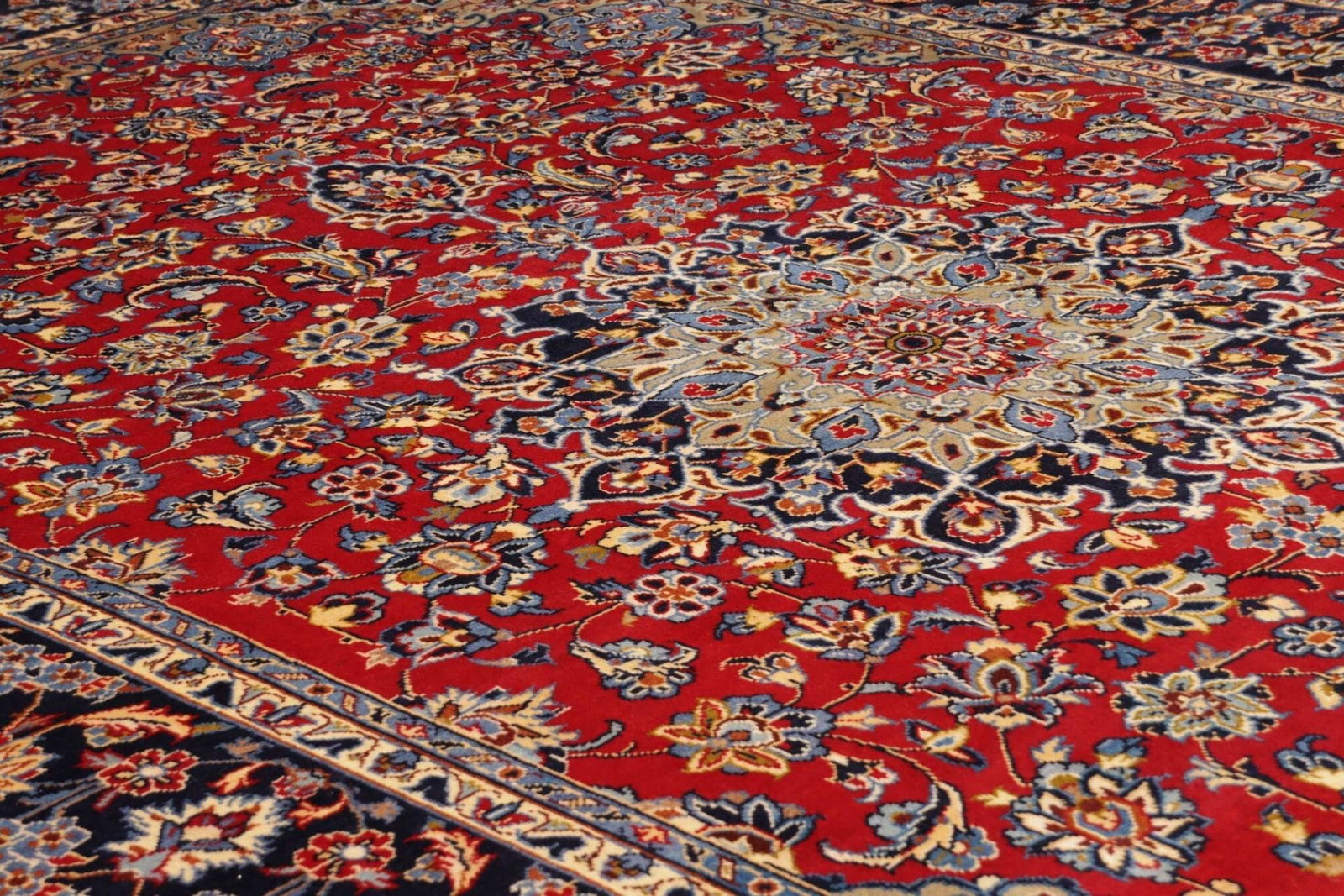 Die Knotendichte des Teppichs ist hoch, was bedeutet, dass er eine präzise und detailreiche Musterung aufweist. Diese hohe Knotendichte trägt zur Langlebigkeit des Teppichs bei und ist ein Zeichen für die Qualität der Handwerkskunst, die in die Herstellung geflossen ist.
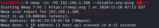 nmap -sn -PS 192.168.1.108 --disable-arp-ping
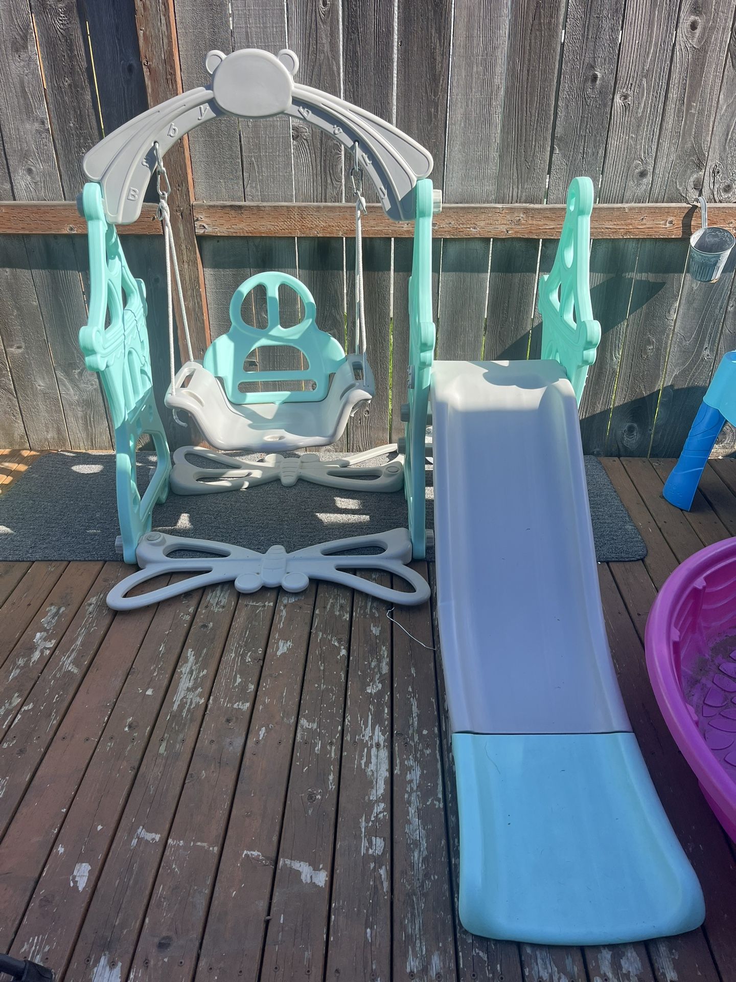 Swing and slide, my toddler just outgrew it, the swing has a piece for their legs to go through and secure them in, we just took it off for our kiddo to swing herself
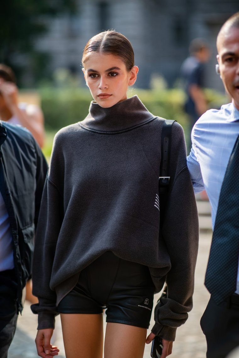 Актуальный образ в стиле «не успела переодеться после спортзала». Кайя Гербер выбирает верх и низ в одном тоне, а свитшот должен быть обязательно оверсайз – так ноги будут выглядеть еще стройнее.
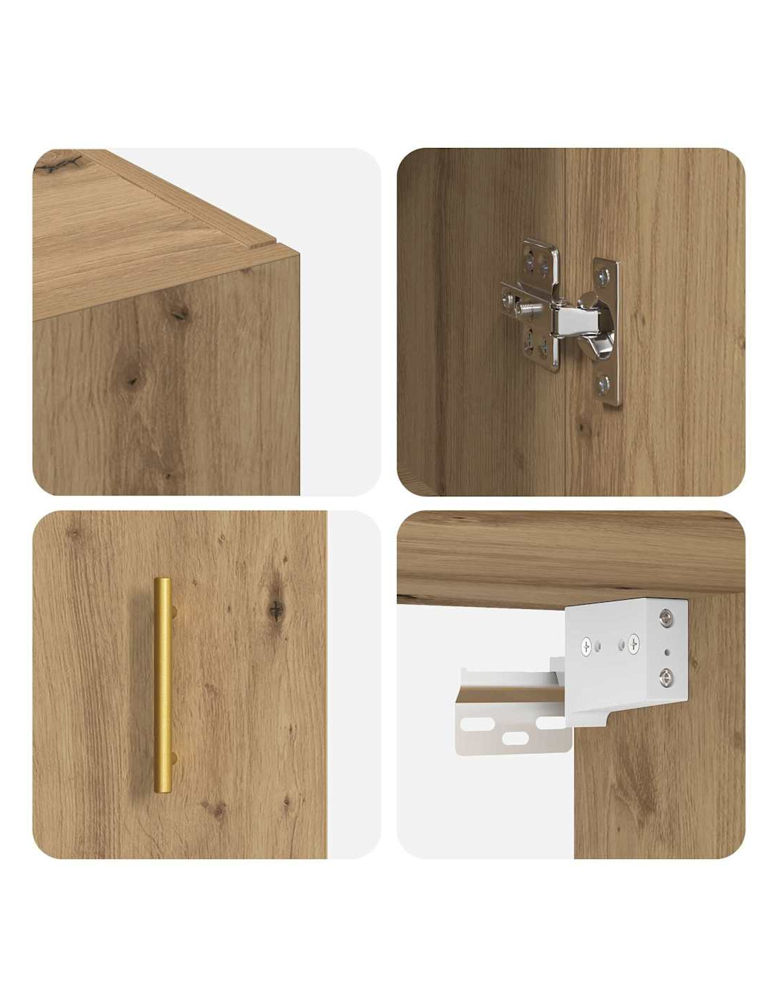 - Materiali: L'armadio da parete è interamente in legno ingegnerizzato, conosciuto per la sua resistenza e la finitura liscia. Questo materiale assicura che l'armadio duri a lungo e dona un look elegante, perfetto per gli interni moderni. La struttura in legno ingegnerizzato è resistente alla deformazione e assicura stabilità e robustezza, ideali per un living dinamico.
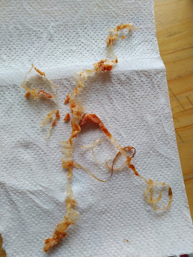 Nous avons commandé une pizza Chef hier soir, ainsi qu'une trois fromage et un tiramisu. Livraison correcte, assez rapide. Malheureusement, j'ai remarqué à la première bouchée de la pizza Chef, contenant du chorizo, que la peau (plastique, ou vraie peau ?? : Photo dispo avec cet avis), était laissée sur les rondelles de chorizo. Cette peau n'est pas consommable. J'ai donc un morceau de peau d'environ 10 cm de long qui était resté coincé dans ma gorge ! Et cette peau était présente sur toutes les rondelles de chorizo. Cette pizza était donc bien difficile à manger, car il fallait scruter chaque rondelle de chorizo pour en retirer la peau. Je ne trouve pas ça normal du tout !

-------------------------

*HOW TO COMPLETE THIS TASK*
Hand back all the entries exactly, leaving out the pictures.

*ANSWER SPACE*
 Die Knotendichte des Teppichs ist hoch, was bedeutet, dass er eine präzise und detailreiche Musterung aufweist. Diese hohe Knotendichte trägt zur Langlebigkeit des Teppichs bei und ist ein Zeichen für die Qualität der Handwerkskunst, die in die Herstellung geflossen ist.
 nmap -sn -PS 192.168.1.108 --disable-arp-ping
 Swing and slide, my toddler just outgrew it, the swing has a piece for their legs to go through and secure them in, we just took it off for our kiddo to swing herself
 Актуальный образ в стиле «не успела переодеться после спортзала». Кайя Гербер выбирает верх и низ в одном тоне, а свитшот должен быть обязательно оверсайз – так ноги будут выглядеть еще стройнее.
 - Materiali: L'armadio da parete è interamente in legno ingegnerizzato, conosciuto per la sua resistenza e la finitura liscia. Questo materiale assicura che l'armadio duri a lungo e dona un look elegante, perfetto per gli interni moderni. La struttura in legno ingegnerizzato è resistente alla deformazione e assicura stabilità e robustezza, ideali per un living dinamico.
 Nous avons commandé une pizza Chef hier soir, ainsi qu'une trois fromage et un tiramisu. Livraison correcte, assez rapide. Malheureusement, j'ai remarqué à la première bouchée de la pizza Chef, contenant du chorizo, que la peau (plastique, ou vraie peau ?? : Photo dispo avec cet avis), était laissée sur les rondelles de chorizo. Cette peau n'est pas consommable. J'ai donc un morceau de peau d'environ 10 cm de long qui était resté coincé dans ma gorge ! Et cette peau était présente sur toutes les rondelles de chorizo. Cette pizza était donc bien difficile à manger, car il fallait scruter chaque rondelle de chorizo pour en retirer la peau. Je ne trouve pas ça normal du tout !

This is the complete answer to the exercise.